Синьорина Консальви поднялась с места и сделала быстрое движение, чтобы спрятать рисунок; однако Польяни с ласковой настойчивостью удержал ее.
— Зачем? Вы даже не хотите позволить мне взглянуть?
— Но это только первый набросок...
— Тем не менее набросок превосходный! — воскликнул он, наклоняясь и вглядываясь. — Да, превосходный... Это он, Сорини, не правда ли?.. Да, да, теперь, глядя на фотографию, кажется, его припоминаю. Так, так... Ведь я был с ним немного знаком... Но разве у него была бородка?
— Нет, — поспешила ответить девушка, — незадолго до смерти он ее сбрил.
— Вот и мне казалось... Какой это был красивый юноша, просто писаный красавец...
— Не знаю, что делать, — вновь заговорила синьорина Консальви. — Видите ли, фотография эта не отвечает... тому образу, который живет во мне.
— О да! — быстро согласился Польяни. — Он был гораздо лучше, куда более... одухотворенным... я бы сказал, более живым...
— Эта фотография сделана в Америке, — заметила мать, — еще до того, как они обручились...

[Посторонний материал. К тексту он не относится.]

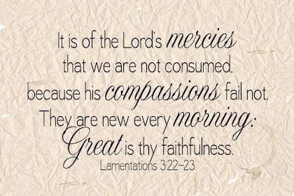 When we struggle, and we all do, it is helpful to look back on the faithfulness of God from previous years. The Scriptures show us this wisdom over and over. In Lamentations Chapter 3 Jeremiah is hurting. He is mad at God and he is letting God know it! After 20 verses of venting you see Jeremiah come back to his senses. He then states, “YET this I call to mind and therefore I have hope. Because of the Lord’s great love we are not consumed, for His compassions never fail. They are new every morning; great is your faithfulness.”
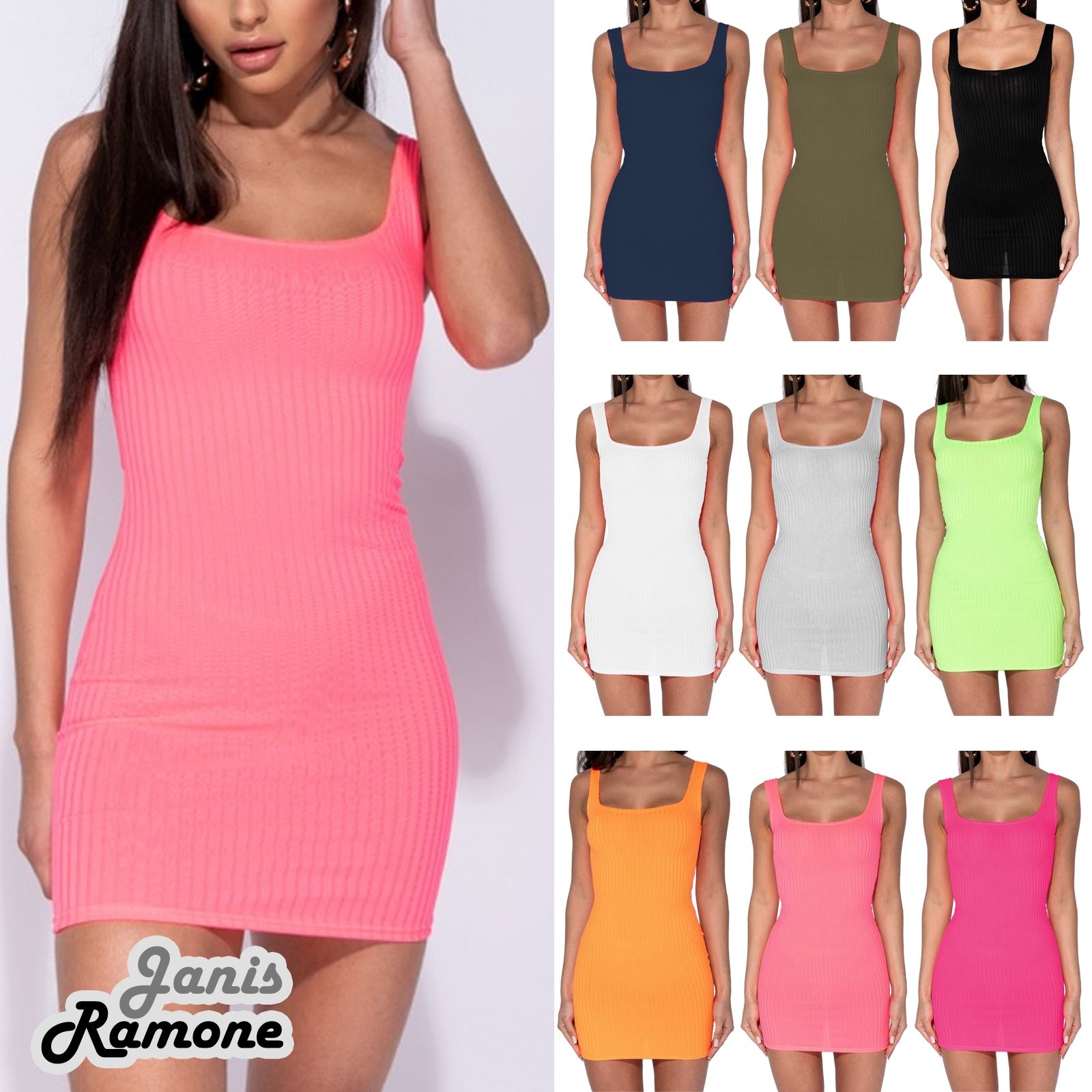 Womens Summer Ribbed Bodycon Mini Dresses Ladies Strappy Clubwear Party Dress Ebay

— А другой у меня нет, — вздохнула девушка. — Закрою глаза, вот так, и вижу его точно таким, каким он был в последние дни; но стоит мне взяться за карандаш, и я его больше не вижу; смотрю тогда на фотографию, и мало–помалу мне начинает казаться, что это он передо мною, живой. Снова пытаюсь писать портрет и опять не узнаю его в этих чертах. Я просто в отчаянии!
—
Скульптор покраснел и улыбнулся. Он непроизвольно поднял подбородок и выставил его вперед, как будто синьорина Консальви собиралась деликатно, двумя пальцами взять этот его подбородок и перенести на портрет Сорини.
Девушка нехотя подняла глаза и робко, со смущением посмотрела на скульптора. (Право же, мама совсем не считается с тем, что она в трауре!)
— И усы тоже, погляди, — прибавила синьора Консальви безо всякого умысла. — Ведь бедняжка Сорини в последнее время носил усы, не правда ли?
— Но к чему мне усы, — с некоторой досадой ответила девушка. — Я вовсе не намерена их рисовать!
Костантино Польяни невольно дотронулся до своих усов. Он снова улыбнулся и подтвердил:
— И не надо их рисовать...
Затем он подошел к мольберту и сказал:
— Вот смотрите, если вы позволите... я хотел бы показать вам, синьорина... вот так, двумя штрихами здесь... ради Бога, не тревожьтесь! Здесь в этом месте (стирая нарисованное)... насколько я помню бедного Сорини...
Он сел и, поглядывая на фотографию, принялся набрасывать голову Сорини; синьорина Консальви с трепетом следила за быстрыми движениями его руки; с каждым новым штрихом с ее полураскрытых губ срывались восхищенные возгласы: «Да... да... да...» — они вдохновляли скульптора и, можно сказать, направляли его карандаш. Под конец девушка уже не могла сдержать свое волнение:
— Да, да! Взгляни, мама... Это он... как живой... О, позвольте... спасибо... Какая радость уметь вот так... это просто совершенство... просто совершенство...
— Лишь немного опыта и практики, — произнес, вставая, Польяни со скромным видом, в котором, однако, сквозило удовольствие от этих восторженных похвал. — А потом, ведь я уже говорил, что хорошо помню несчастного Сорини...
Девушка продолжала пристально вглядываться в рисунок.
— Подбородок, да... в точности, как у него... Благодарю вас, благодарю.
В это мгновение фотография Сорини, служившая оригиналом, соскользнула с мольберта, и синьорина Консальви, все еще любовавшаяся рисунком Польяни, даже не нагнулась, чтобы поднять ее.
Маленькая, уже слегка выцветшая фотография сиротливо лежала на полу, и лицо Сорини казалось особенно печальным, как будто он понимал, что отныне для него все уже кончено.
Но Польяни рыцарски наклонился и поднял фотографию.
— Благодарю вас, — сказала девушка. — Но, знаете, теперь я стану пользоваться вашим рисунком. Я не буду больше смотреть на этот гадкий снимок.
Она подняла голову, и вдруг ей почудилось, будто в комнате посветлело. Порыв восхищения, казалось, внезапно освободил ее стесненную грудь, и она с облегчением вздохнула; всем своим существом она упивалась сейчас веселым, ярким светом, который вливался в окна, широко распахнутые навстречу волшебному зрелищу великолепной виллы, окутанной чарами весны.